Prompt –
Give back the whole listing word for word and skip each picture.

Information provided –
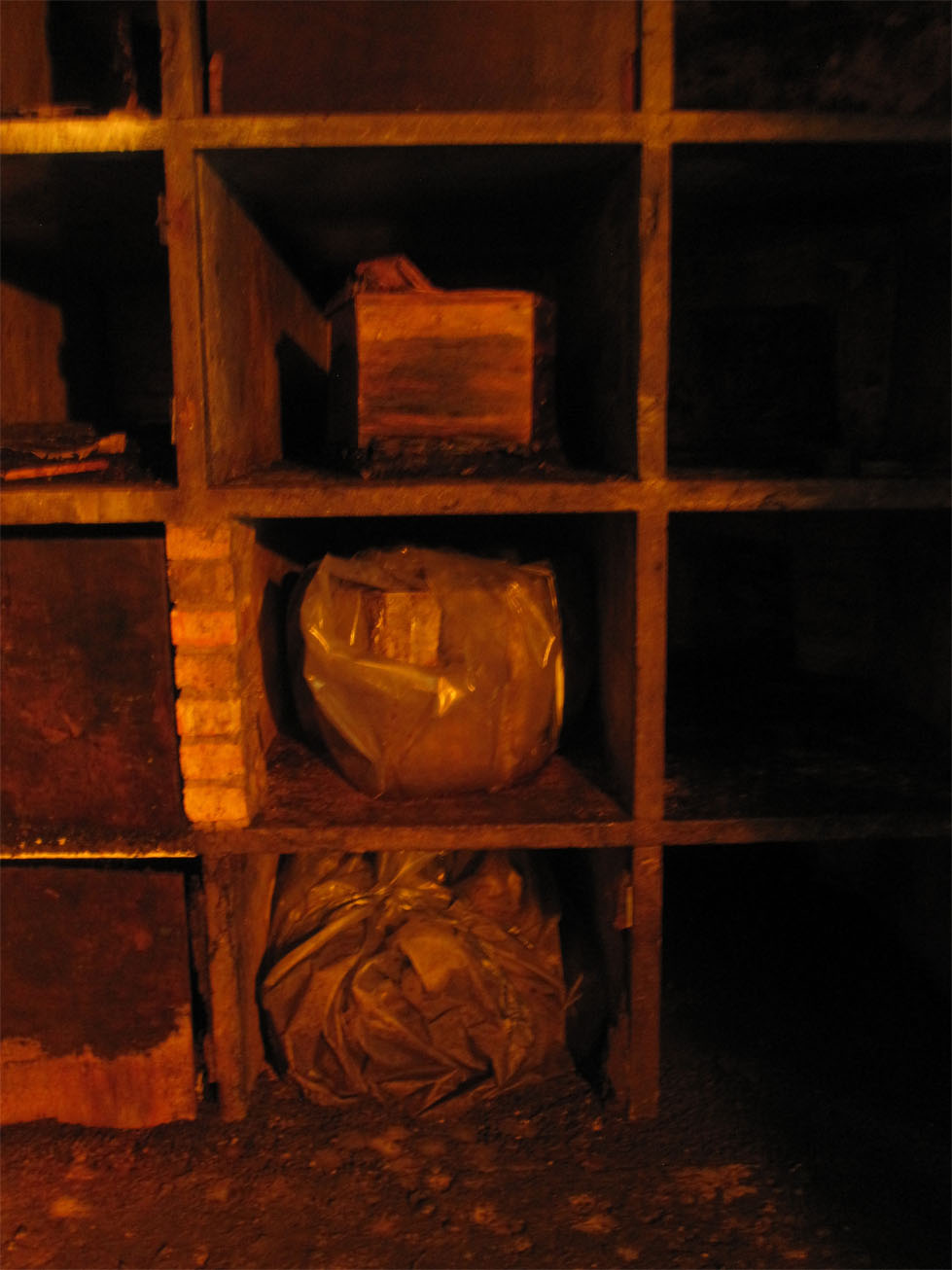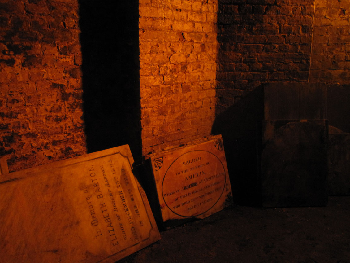 Two examples of coffin in this one, wood (on top) and lead (bottom.) I’ve been in many a crypt but did not expect to be quite so intimate with 150 year old bodies.
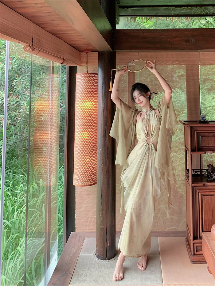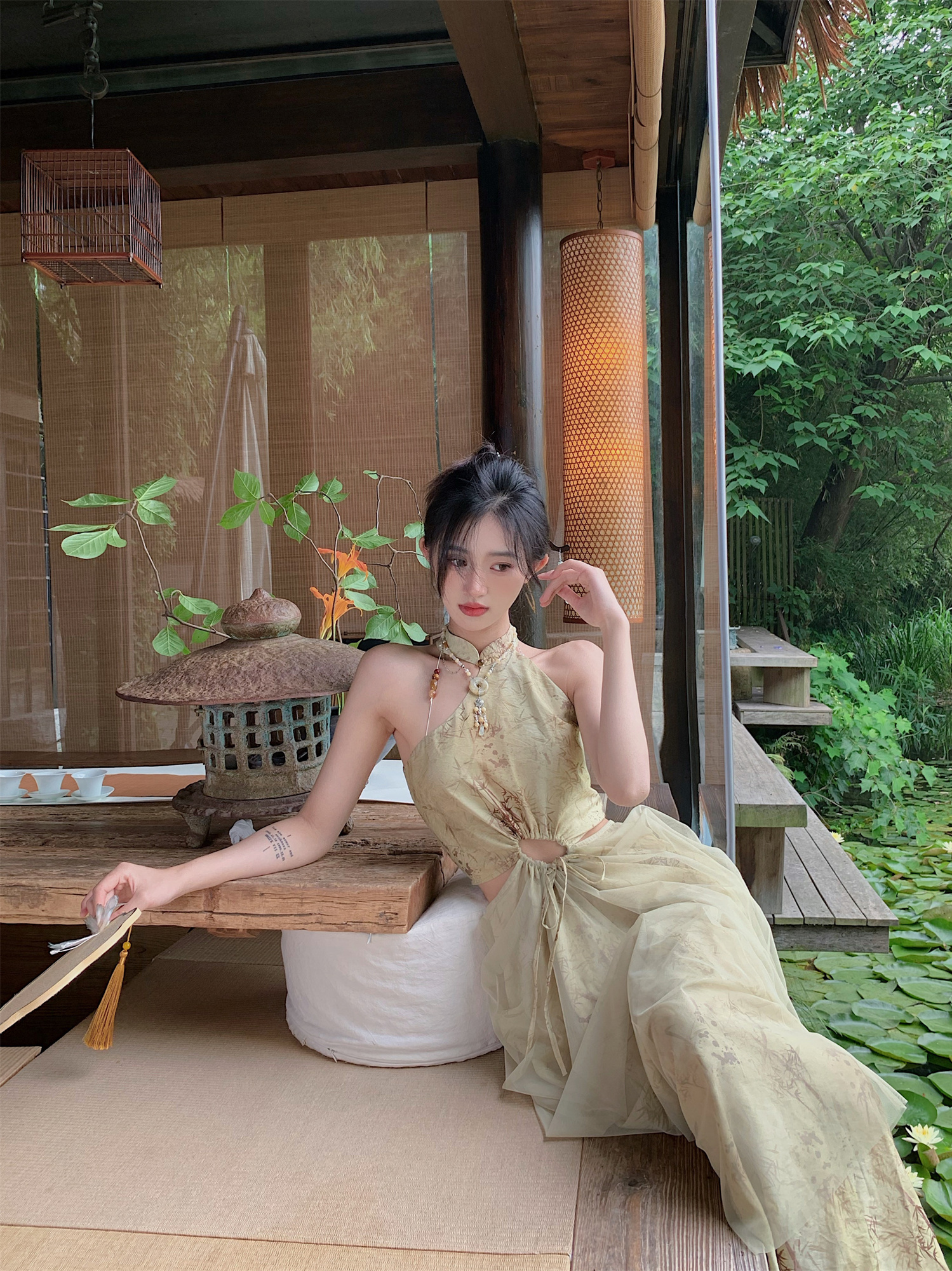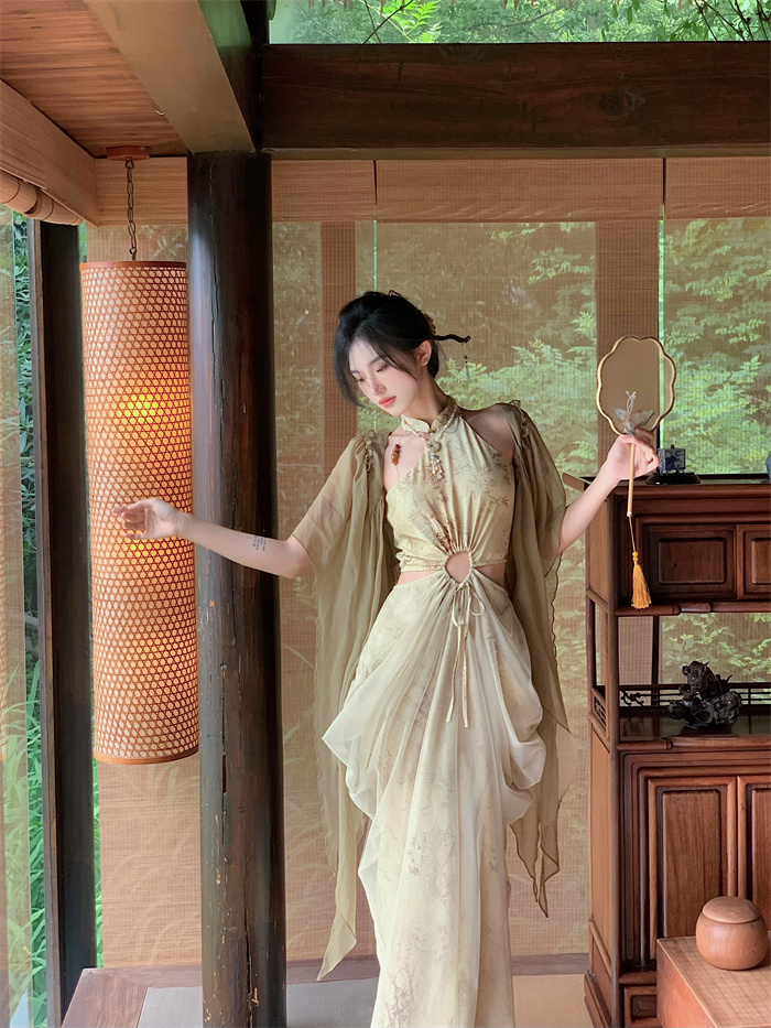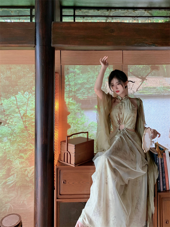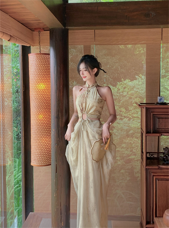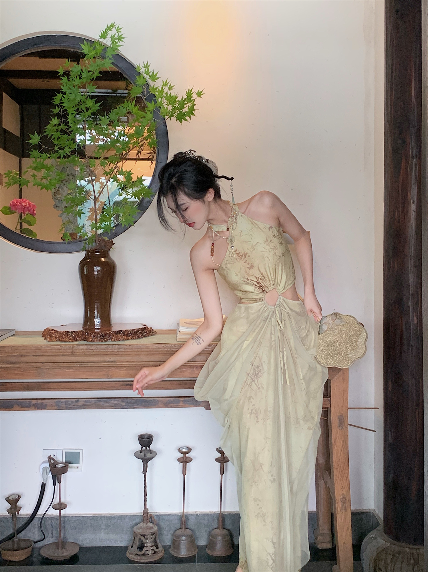 [WALKINDARK]竹葉青·清冷新中式網紗竹子暈染鏤空掛頸洋裝夏女
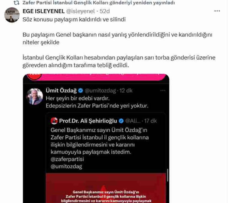 İşleyenel, Zafer Partisi lideri Özdağ'ın bir paylaşım yaptığını ve sonra bu paylaşımın silindiğini iddia etti. İşleyenel, "Söz konusu paylaşım kaldırıldı ve silindi. Bu paylaşım Genel başkanın nasıl yanlış yönlendirildiğini ve kandırıldığını niteler şekilde. İstanbul Gençlik Kolları hesabından paylaşılan sarı torba gönderisi üzerine görevden alındığım tarafıma tebliğ edildi" ifadelerini kullandı.

Solution to this exercise –
 Two examples of coffin in this one, wood (on top) and lead (bottom.) I’ve been in many a crypt but did not expect to be quite so intimate with 150 year old bodies.
 [WALKINDARK]竹葉青·清冷新中式網紗竹子暈染鏤空掛頸洋裝夏女
 İşleyenel, Zafer Partisi lideri Özdağ'ın bir paylaşım yaptığını ve sonra bu paylaşımın silindiğini iddia etti. İşleyenel, "Söz konusu paylaşım kaldırıldı ve silindi. Bu paylaşım Genel başkanın nasıl yanlış yönlendirildiğini ve kandırıldığını niteler şekilde. İstanbul Gençlik Kolları hesabından paylaşılan sarı torba gönderisi üzerine görevden alındığım tarafıma tebliğ edildi" ifadelerini kullandı.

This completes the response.